Physical activity was calculated using responses from the physical activity questionnaire (1996, 1997, 1998 and 2001) wherein participants indicated the amount of time spent engaged in a wide range of physical activities such as sports, running, weight lifting, manual labor or gardening. The amount of time spent engaged in each activity was multiplied by its metabolic equivalent of task (MET) score and summed. Only activities of at least moderate intensity (MET ≥4) were included in this analysis (Ainsworth et al. 2011).
We used principal components analysis with 23 food groups contained within the FFQ (excluding beverages) in order to capture dietary patterns in the population, and used these to account for dietary behaviors that correlated with beverage intake patterns. The factor loading coefficient for each food group reflects an estimate of the adherence to the dietary pattern; i.e., the higher the coefficient the greater the intake of that dietary pattern. Factors with an eigenvalue of ≥1.0 were first considered for the analysis (Schmitt 2011) (six factors). Then, those factors that explained >=5.0% variance of intake were kept (four factors).
Statistical analysis
To assess risk of incident hypertension or hyperlipidemia by beverage intake, a Cox proportional hazards regression model was used to fit interval-censored incident hypertension- and hyperlipidemia-related event data (Heller 2011). This model is appropriate for estimating the degree of risk of multiple risk factors, such as the competing beverages fruit juice, SSB and diet soda, simultaneously. Participants were followed up from the baseline questionnaire until the year of first reported diagnosis of hypertension or hyperlipidemia, death, or end of study follow-up (2014), whichever came first. Hypertension and hyperlipidemia were treated as separate outcomes; therefore, in instances where participants reported being diagnosed with both diseases, person-time was calculated independently for each disease. The explanatory variable was cumulatively updated average intake of each beverage. The proportional hazards assumption was checked via martingale residuals. A sensitivity analysis after removing these outliers was carried out and the partial maximum likelihood estimates of the regression coefficients were similar.
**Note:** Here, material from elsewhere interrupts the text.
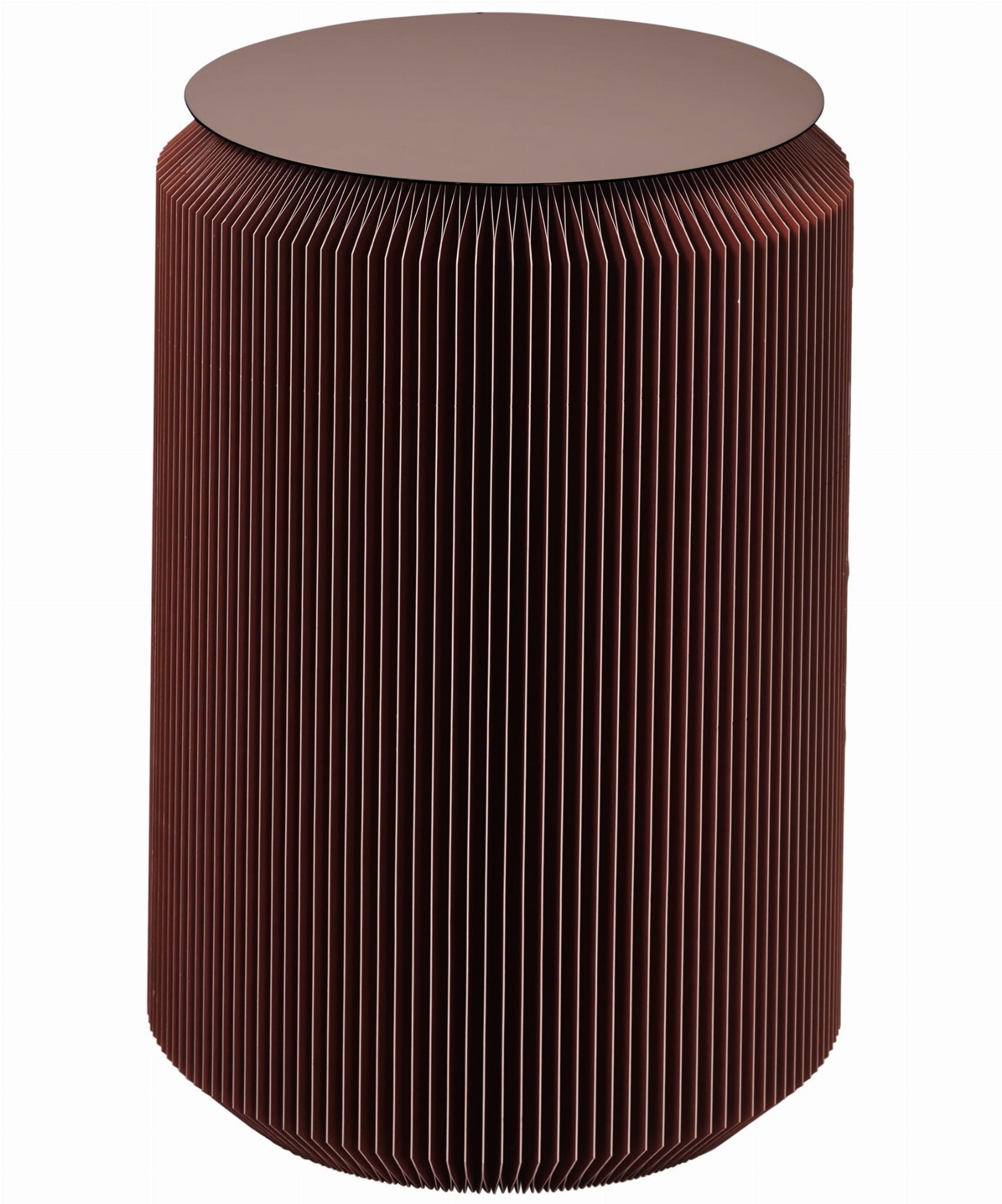 przypominająca wachlarz zapewnia stołowi dużą stabilność, którą dodatkowo wzmacnia metalowa powierzchnia. Kartonowy wachlarz zamykany jest na magnes.

The covariates included all three beverage types, total energy intake, age, smoking, physical activity, BMI z-score, and diet patterns. An inverse probability weighted approach was used to account for loss-to-follow-up (Mansournia 2016). Physical activity and total energy intake were log-transformed due to non-normal distributions. Results were stratified by outcome and gender. We also conducted a subgroup analysis (a priori) with fruit juice type due to prior literature suggesting a potential benefit of citrus juice (Dennison et al. 1997; Morand et al. 2011; Rampersaud and Valim 2017; Sakaki et al. 2021). Confidence interval (CI) was used to determine statistical significance: an HR value with a 95% CI that does not contain the null value of 1.00 (Attia 2005; du Prel et al. 2009). Statistical analyses were conducted using SAS® software, version 9.4 (SAS Institute, Inc., Cary, NC, USA).
Results
Baseline characteristics
The majority (>96%) of participants were non-Hispanic white (Table 1). The average baseline age was approximately 12 years old and the mean BMI z-score indicated normal weight status. Fewer than 10% of participants reported having smoked a cigarette in their lifetime. The consumption of SSB was the highest among the three beverages, with fruit juice following second. The proportions of orange juice and apple/other fruit juice consumed were relatively similar. A sensitivity test was conducted to compare differences in baseline characteristics of participants who were excluded vs. those who remained in the analysis. Overall, males were more likely to be excluded than females. Excluded participants had a higher prevalence of smoking, consumed more SSB, consumed less orange juice (males only), and engaged in more physical activity.
Table 1.
Males (n=3,264) | Females (n=5,779) | |||
---|---|---|---|---|
|
|
|||
Mean (%) | SD (n) | Mean (%) | SD (n) | |
| ||||
Non-Hispanic white, % | (96.2) | (3139) | (96.2) | (5599) |
Past-year smoking, % | (9.5) | (311) | (9.2) | (530) |
Age, y | 11.95 | 1.60 | 12.06 | 1.60 |
BMIa z-score | 0.24 | 1.01 | 0.10 | 0.98 |
Fruit juice, servings/dayb | 0.87 | 0.84 | 0.81 | 0.80 |
Orange juice, servings/dayb | 0.47 | 0.54 | 0.40 | 0.50 |
Apple/other juice, servings/dayb | 0.41 | 0.52 | 0.41 | 0.51 |
SSBc, servings/dayd | 1.19 | 1.09 | 0.98 | 1.05 |
Diet soda, servings/dayd | 0.16 | 0.45 | 0.17 | 0.44 |
Total energy intake, kcal/day | 2,291 | 704 | 2,047 | 634 |
Physical activityd, MET-hrs/week | 138.78 | 81.66 | 109.58 | 72.21 |
BMI, body mass index.
Serving size: “1 can or glass.”
SSB, sugar-sweetened beverage.
Serving size: “1 glass.”
Physical activity was calculated by summing the hours per week spent participating in various sports, games and intentional exercise of moderate or vigorous intensity (MET ≥ 4) and multiplying by the MET score. Median (IQR): Males: 124.54 (101.56), Females: 95.48 (87.85).
Principal components analysis of diet patterns
Four distinct diet patterns emerged from the principal components analysis: diets high in plant-based food (factor 1), sweet and salty food (factor 2), meat (factor 3), and starch and dairy (factor 4) (Supplemental Table 1). Together, these four diet patterns explained 40.3% of the variance in total dietary intake. Fruit juice consumption was associated with higher intakes of all four groups. SSB intake was positively associated with intakes of sweet and salty food and meat; and in girls only was negatively associated with starch and dairy intake. Diet soda intake was negatively associated with starch and dairy intake among both sexes; and in girls only was also positively associated with intakes of a plant-based diet, sweet and salty food, and meat.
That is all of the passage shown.